= 1952–53 Soviet Cup (ice hockey) =

The 1952–53 Soviet Cup was the third edition of the Soviet Cup ice hockey tournament. 25 teams participated in the tournament, which was won by Dynamo Moscow.

==Regular season==

=== 1/16 Finals===
| Dynamo Moscow | 8:3 | SK im. Stalina Molotov |
| Dynamo Tallinn | 6:2 | Dzerzhinets Chelyabinsk |
| VVS MVO Moscow | 19:1 | Dinamo Riga |
| Daugava Riga | 6:4 | Dynamo Novosibirsk |
| Dynamo Sverdlovsk | 9:0 | Institut im.

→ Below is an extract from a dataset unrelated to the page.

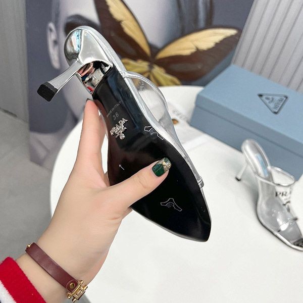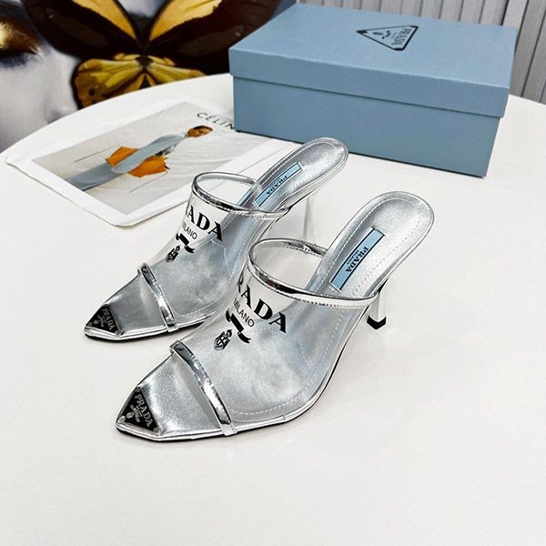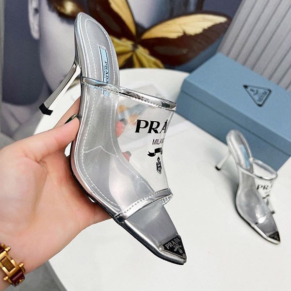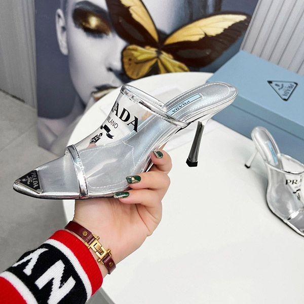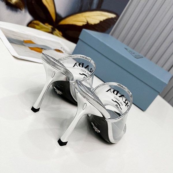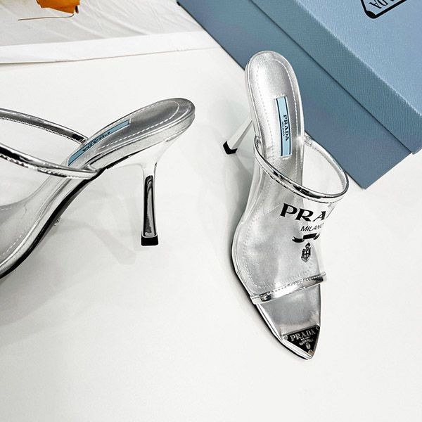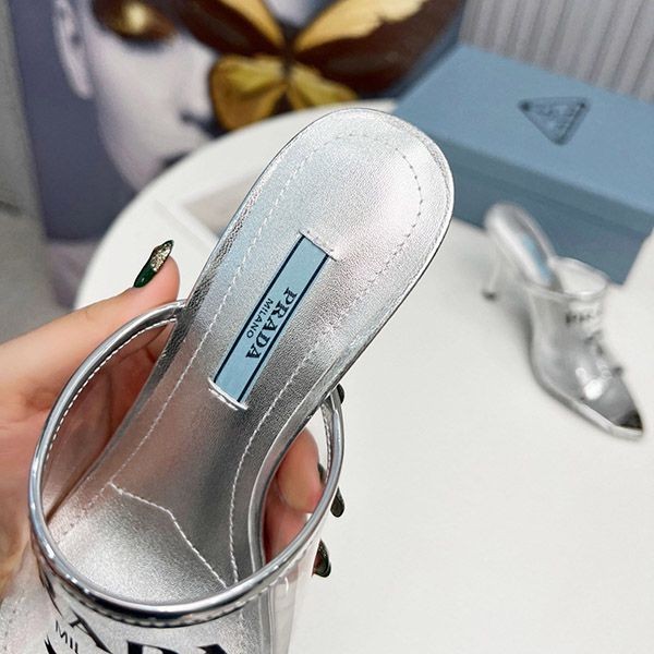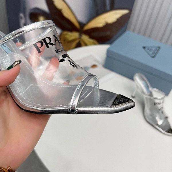 Prada logo print Plex high heel slide sandals replica

Lesgafta Leningrad |
| Krylya Sovetov Moscow | 31:0 | Kalev Tallinn |
| Spartak Moscow | 12:4 | VVS MVO Moscow II |
| Dynamo Leningrad | 10:2 | Zalgiris Kaunas |
| CDSA Moscow | 22:0 | Nauka Minsk |
| ODO Leningrad | 7:4 | Torpedo Gorky |

=== 1/8 Finals ===
| Dinamo Minsk | 1:2 | Spartak Minsk |
| Inkaras Kaunas | 1:16 | Dynamo Moscow |
| Daugava Riga | 6:0 | Dynamo Sverdlovsk |
| VVS MVO Moscow | 6:0 | Dynamo Tallinn |
| Spartak Moscow | 7:10 | Dynamo Leningrad |
| CDSA Moscow | 7:3 | ODO Leningrad |
| Krylya Sovetov Moscow | 4:1 | ODO Novosibirsk |
| Khimik Elektrostal | (W)* | |

=== Quarterfinals ===
| Spartak Minsk | 1:7 | Dynamo Moscow |
| Daugava Riga | 2:5 | VVS MVO Moscow |
| Dynamo Leningrad | 2:7 | CDSA Moscow |
| Krylya Sovetov Moscow | 14:3 | Khimik Elektrostal |

===Semifinals===
| Dynamo Moscow | 3:2 | VVS MVO Moscow |
| CDSA Moscow | 6:0 | Krylya Sovetov Moscow |

===Final===
| Dynamo Moscow | 3:2 | CDSA Moscow |
(* Automatic victory because opponent did not participate.)